Ironically, one of the most healing experiences this year came through reconnecting with my fiancé from fifteen years ago. That relationship had been deeply toxic, the kind of love that confuses chaos with passion. He is married now, and our reconnection has been entirely platonic, but something about seeing each other again after so many years brought an unexpected sense of peace. It reminded me how much people can change. How much I have changed. How relationships that once destroyed you can eventually lose their emotional power over your life.
That realization has given me hope.
Not necessarily hope that Brock and I will reconcile. Honestly, I think the protection order and everything surrounding the breakup likely closed that door for a reason. Some endings are protective, even when they are painful. But hope that love itself is still possible. Hope that there are people capable of depth, accountability, emotional endurance, and mutual care. Hope that I have not missed my chance at lasting partnership simply because the person I thought was my forever turned out not to be.

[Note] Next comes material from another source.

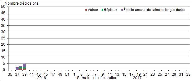 - Au total, six éclosions ont été signalées. Toutes les éclosions ont été signalées lors de la semaine 39.

I know now exactly what kind of man I want beside me.
I want someone emotionally courageous. Someone capable of repair. Someone who understands that conflict is not abandonment and vulnerability is not weakness. Someone who can sit beside me in grief, illness, uncertainty, and imperfection without running from the discomfort of being human. Someone who understands that real intimacy is built not only through chemistry and romance, but through consistency, humility, accountability, and choosing each other over and over again.
Maybe I will find that person in Seattle. Maybe I’ll find him in another country. Maybe I’ll find him while traveling again, rediscovering the version of myself who felt electric and expansive in Spain all those years ago.
Or maybe the greatest love story of my life will ultimately become the one I rebuilt with myself after everything fell apart.
And sometimes I still wonder what exactly it is that I miss.
Do I still love him?
Or do I love the moments we shared? The life we built together? The version of our relationship that existed before everything fractured? Am I grieving a real person, or am I grieving the person I believed he was before the ending forced me to question everything?
I don’t fully know the answer to that yet.
What I do know is this: grief is love everlasting. It is proof that something mattered deeply enough to leave a permanent imprint on your soul. And healing is not erasing that love. Healing is learning that your life can still expand beautifully around the absence of it.